-------- INFORMATION SHOWN

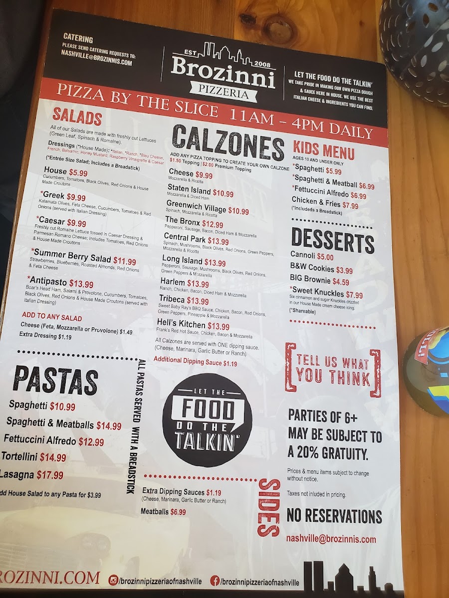 Brozinni Pizzeria Menu (2025 Update)
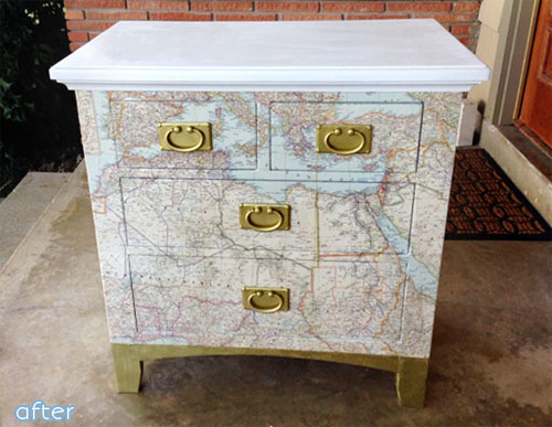 Better After reader Teresa created this nightstand from a curbside dresser and a spare map of Northern Africa that she happened to have on hand. I mean, who doesn’t have a few of those on hand? I’ve actually been meaning to organize my spare maps of Northern Africa drawer, now that you mention it.
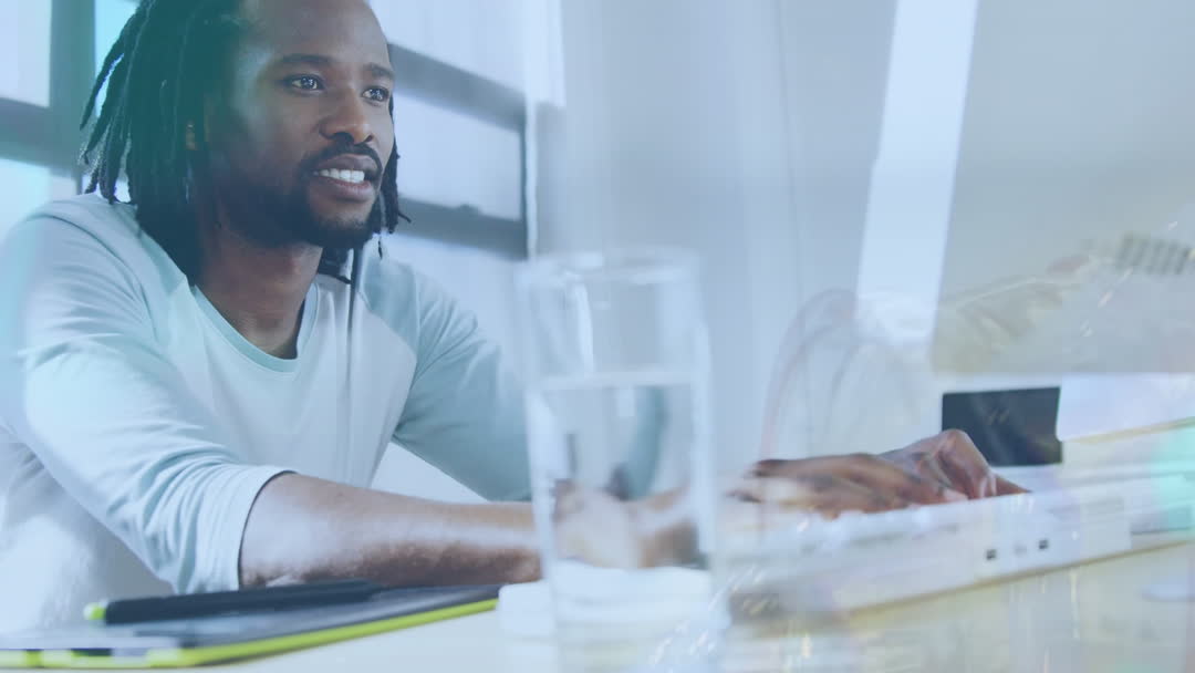 A young African man works attentively on a computer in a bright modern office, with a glass of water and a tablet nearby. This video encapsulates the blend of contemporary business and personal health often balanced by young professionals. Ideal for use in modern business contexts, presentations depicting young entrepreneurs, articles about work-life balance, or content exploring technology and innovation in workspace.
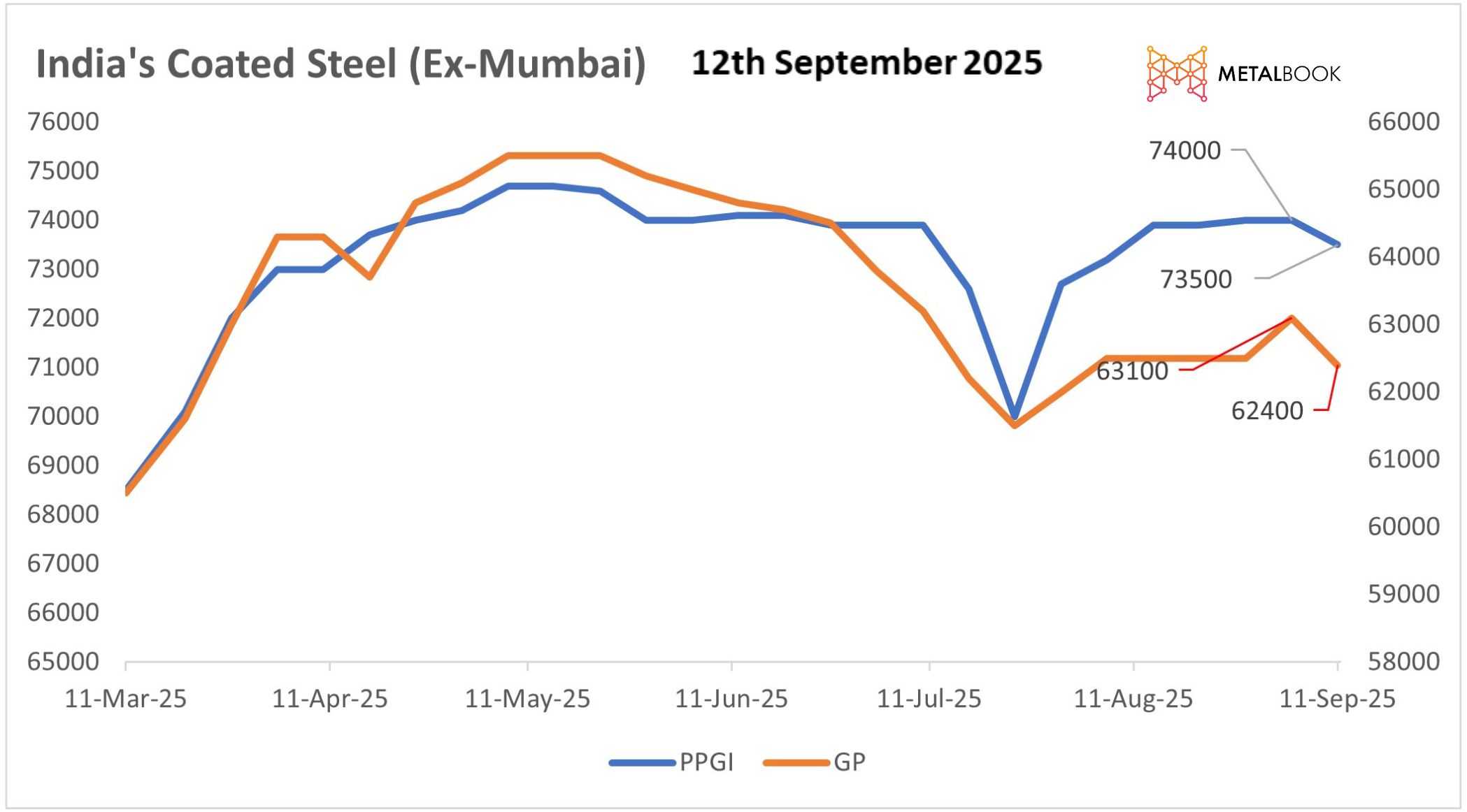 India's coated flat steel market continues to face considerable headwinds as price pressure from weak demand, high inventories, and seasonal holdups remains. The prices of GP were assessed at ₹62,400/t and PPGI at ₹73,500/t, which dropped by ₹700/t and ₹500/t, respectively, due to a lack of buying momentum from across regions compared to last week.
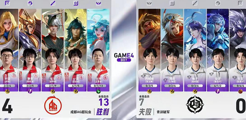 之后AG完全找回了状态,真的是越战越勇,BP也是越看越顺眼,反正没有蔡文姬,一切都好说,最终的结果,AG不仅赢了,而且直接零封了青训破军,一下子青训破军就被打回了原形,甚至最后一把,青训破军都选择换人了,还是直接换了2个人,很大胆。即使拿出本命诸葛亮,依旧输了。
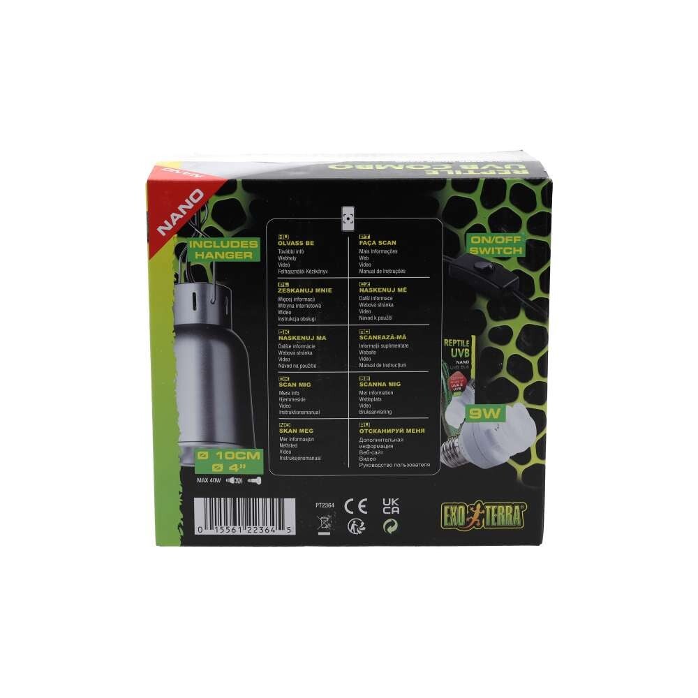 Exo Terra’s Reptile Deep Dome UVB Combo is an ideal lighting combination for smaller terrariums, like the Exo Terra Natural terrarium NANO or MINI. It combines the stylish and compact design of the Reptile Deep Dome NANO with Exo Terra’s Reptile UVB NANO bulb. The Reptile Deep Dome NANO Fixture gives you the versatility of placing heat, UVB and/or light sources on your terrarium where needed. The highly-polished aluminum reflector increases the light, UVB and heat output significantly! Its heat resistant ceramic socket accommodates incandescent bulbs up to 40W max. The light can be easily switched on and off by the On/Off switch, mounted on the extra long power cord (180 cm – 6 ft). The Exo Terra Reptile UVB NANO bulb emits optimal levels of UVA & UVB and is an excellent UV source for Nano Terrarium setups. The bulb’s optimal Vitamin D3 yield index ensures vitamin D3 photosynthesis to aid calcium absorption and prevent metabolic diseases while the UVA rays will contribute to the animal’s overall wellbeing.

----------------

» **PROBLEM TO WORK ON**
Write the entries above out again exactly, omitting each image.

» **RESPONSE BOX**
 Brozinni Pizzeria Menu (2025 Update)
 Better After reader Teresa created this nightstand from a curbside dresser and a spare map of Northern Africa that she happened to have on hand. I mean, who doesn’t have a few of those on hand? I’ve actually been meaning to organize my spare maps of Northern Africa drawer, now that you mention it.
 A young African man works attentively on a computer in a bright modern office, with a glass of water and a tablet nearby. This video encapsulates the blend of contemporary business and personal health often balanced by young professionals. Ideal for use in modern business contexts, presentations depicting young entrepreneurs, articles about work-life balance, or content exploring technology and innovation in workspace.
 India's coated flat steel market continues to face considerable headwinds as price pressure from weak demand, high inventories, and seasonal holdups remains. The prices of GP were assessed at ₹62,400/t and PPGI at ₹73,500/t, which dropped by ₹700/t and ₹500/t, respectively, due to a lack of buying momentum from across regions compared to last week.
 之后AG完全找回了状态,真的是越战越勇,BP也是越看越顺眼,反正没有蔡文姬,一切都好说,最终的结果,AG不仅赢了,而且直接零封了青训破军,一下子青训破军就被打回了原形,甚至最后一把,青训破军都选择换人了,还是直接换了2个人,很大胆。即使拿出本命诸葛亮,依旧输了。
 Exo Terra’s Reptile Deep Dome UVB Combo is an ideal lighting combination for smaller terrariums, like the Exo Terra Natural terrarium NANO or MINI. It combines the stylish and compact design of the Reptile Deep Dome NANO with Exo Terra’s Reptile UVB NANO bulb. The Reptile Deep Dome NANO Fixture gives you the versatility of placing heat, UVB and/or light sources on your terrarium where needed. The highly-polished aluminum reflector increases the light, UVB and heat output significantly! Its heat resistant ceramic socket accommodates incandescent bulbs up to 40W max. The light can be easily switched on and off by the On/Off switch, mounted on the extra long power cord (180 cm – 6 ft). The Exo Terra Reptile UVB NANO bulb emits optimal levels of UVA & UVB and is an excellent UV source for Nano Terrarium setups. The bulb’s optimal Vitamin D3 yield index ensures vitamin D3 photosynthesis to aid calcium absorption and prevent metabolic diseases while the UVA rays will contribute to the animal’s overall wellbeing.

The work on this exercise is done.